Causes - Scoliosis Video Transcripts
Video 1 Transcript
The scoliosis I believe I've had for some time, but I had a car accident that exasperated it. This has caused me to now have spinal reconstruction, which I'm looking into at the moment. I've had MRI scans and all other scans and I've got to have a nerve conductivity test as well. So, but the main issue was that the car accident has exasperated scoliosis.
Video 2 Transcript
So I've had scoliosis since, so for about six years now, and it all started when I was in high school. It wasn't inherited from anyone, no one in my family has it, it was just from me. I'm left-handed and I would, I would hit at a rate that my muscles couldn't keep up with, so I had a left scoliosis, which is going towards your heart. Most people have it towards the right, but I had it towards the left, and so that is bad because it can crush your heart over time. But basically, for me, I never understood like how to help myself, like I was stretching, I was exercising, and nothing really worked out for me. And I realized that a lot of it comes on like when I'm physically in pain from stress, and I know that stress is shown in a lot of different ways, and I never thought that I could get very stressed, but then I realized that that is why I hurt all the time, because I'm stressed, and that's the way that it's shown. So I don't necessarily like get nervous or get anxiety or anything like that, or not want to eat or anything like that, it's all shown physically, and it's just something I've never thought of before that I thought I'd put out here.
Video 3 Transcript
As far as I know, they don't know what causes scoliosis, which is very frustrating when it comes to healing and trying to find the best treatments for yourself. My mother has kyphosis and her father had kyphosis, but neither have scoliosis. One of my sisters had scoliosis. I have scoliosis.
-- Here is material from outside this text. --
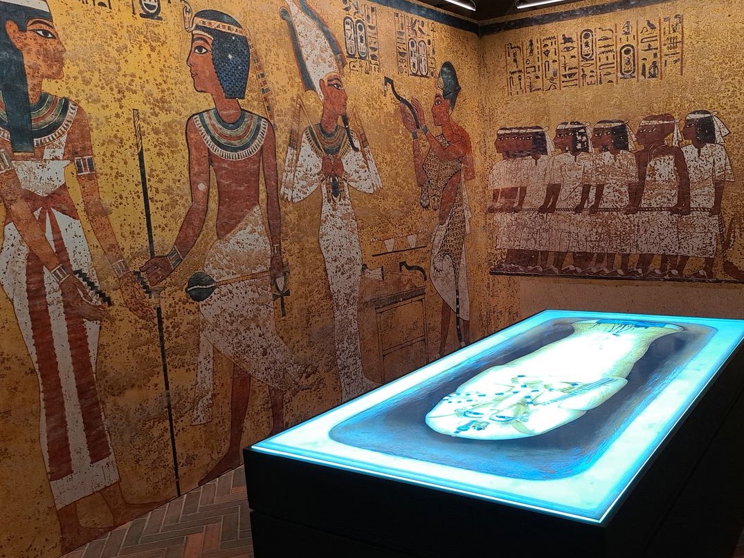 Velice nápadité bylo názorné předvedení, co vlastně poprvé uviděl Howard Carter, když nahlédl proraženou stěnou do Tutanchamonovy hrobky a údajně pronesl: Vidím úžasné věci ! Takže také návštěvník výstavy se může vcítit do jeho pocitů a též nahlédnout malou dírkou ve stěně a spatřit „ty úžasné věci“.

My other sisters, my brothers, they don't have it, so I'm not sure what causes it and I think that's a big frustration for a lot of people, because if we don't know why it does what it does, then how can we fix it?
Video 4 Transcript
So, I have idiopathic scoliosis, which means that it wasn't inherited by anybody in my family. I just don't really know where I got it from. It just maybe developed, like, maybe when I was like 11, 12, after my first period. I was a pretty active kid, so I did a lot of sports. I didn't really notice until, like, now. So, yeah.